Aslında Kimiz?




Zamanın birinde, bir adam uyandığında kendini tanımadığı bir odada buldu. Açıklayamadığı bir sersemlik hissi dışında hiçbir şeyden emin değildi. Tüm çevresinde aynalar, renk renk dolaplar ve sehpalar vardı. Yer tanıdıktı ama orada ne arıyordu? Hatırlamaya çalıştıkça endişe baş göstermeye başladı. Hatırlamak, ama neyi?  Açıkça ortadaydı ki, bu büyük bir tiyatronun soyunma odasıydı, ama kendi rolü neydi? Aynaya her bakışında, keskin bir acı hissetti, çünkü aynada ona bakan kişinin kim olduğundan pek emin değildi. Birden kendini yanlız hissetti. Gidip dolaplardan birini açtı, aklına yapacak başka birşey gelmemişti. İçinde çok önemli bir generale ait olduğu belli olan, titizlikle ütülenmiş, süslü bir üniforma buldu. Güçlü görünüşünden hoşlandı. Belki de bu kendi giyisisiydi. Çabucak giyindi ve büyük boy aynalarından birinin önünde dikkatle dikildi. Umudunu kaybetti.Pek havalı bir kiyafetti bu gerçekten ama onun değildi. Ne kadar istemese de, üniformayı çıkardı. Bir başka dolabı denedi. Bunun içinde rengarenk bir sirk giyisisi vardı. Bir an bile beklemeksizin içine daldı. Yararı yoktu. Ona uymadığı gibi, giysi onu bir palyaço gibi gösteriyor ve hissettiriyordu. Umutsuzluğu arttı. Bir başka dolabı denedi.  Bu sefer ki bir devlet adamınınkiydi. Bir sonraki dolap bir dilencinin. Durmadan dolaptan dolaba gitti. Çok azı üzerine uydu ve eğer uyduysa da ona doğru kıyafet gibi gelmedi. Son dolaba geldi. Açmalı mıydı?  Kalbi çarpıyordu. Kapı kolunu tuttuğu anda başı fırıl fırıl dönmeye başladı, sanki daireler onu içine çekiyordu. Devam etmek için mücadele veriyordu. Ne de olsa bu dolap onun giyisisinin olduğu dolap olmalıydı. Kalan tek dolap oydu. Kapı açıldığında nefesi kesildi. Dolap boştu. Bu kadarı onun için çok fazlaydı. Yere yığıldı. Çevresine toplanmış insanların sesiyle uyandı. Alnına hoş bir serinlik veren soğuk bir bez konmuştu. Birisi ona iyi olup olmadığını soruyordu. Hafifçe başı ağırıyordu. Ardından, tüm dolaplara birer boşuna bakışı aklına geldiğinde, bir an için dehşete kapıldı. Aynı hızla derin bir dinginlik duygusu geldi ve korku başını alıp gitti. Dinginlik kaldı. Kim olduğunu hatırlamıştı. O gece, tiyatro açılmadan evvel kontrol turlarını atarken, giysi odasında ayağı kayıp düşmüş ve başını çarpmıştı. Darbe ona geçici ve acılı bir şekilde, sahnede rol alan karakterlerden biri değil, tiyatronun sahibi olduğunu unutturmuştu.

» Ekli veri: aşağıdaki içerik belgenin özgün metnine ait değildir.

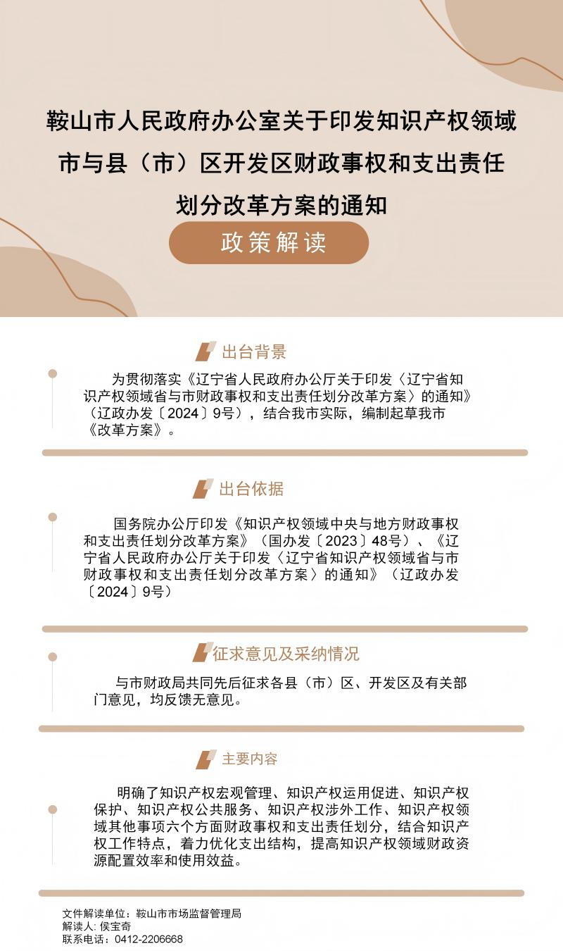 《鞍山市人民政府办公室关于印发<鞍山市知识产权领域市与县(市)区财政事权和支出责任划分改革方案>的通

Bu öykü bize, eğer gerçek kimliğimizi bilmiyorsak endişe,kendinden şüphe ve daha bir sürü umutsuz ruh halinin sahne ışıklarına doğru üşüşerek, sahneyi ele geçireceklerini öğretiyor. Bir kez bu yüksek kendini tanıma durumuna geldiğimizde,  kendimizi tanımamaktan kaynaklanan acılı sorunlar kendiliğinden kaybolur. Kendi hakkımızdaki korkularımızın yerini,dingin bir kendine hâkim olma duygusu alır.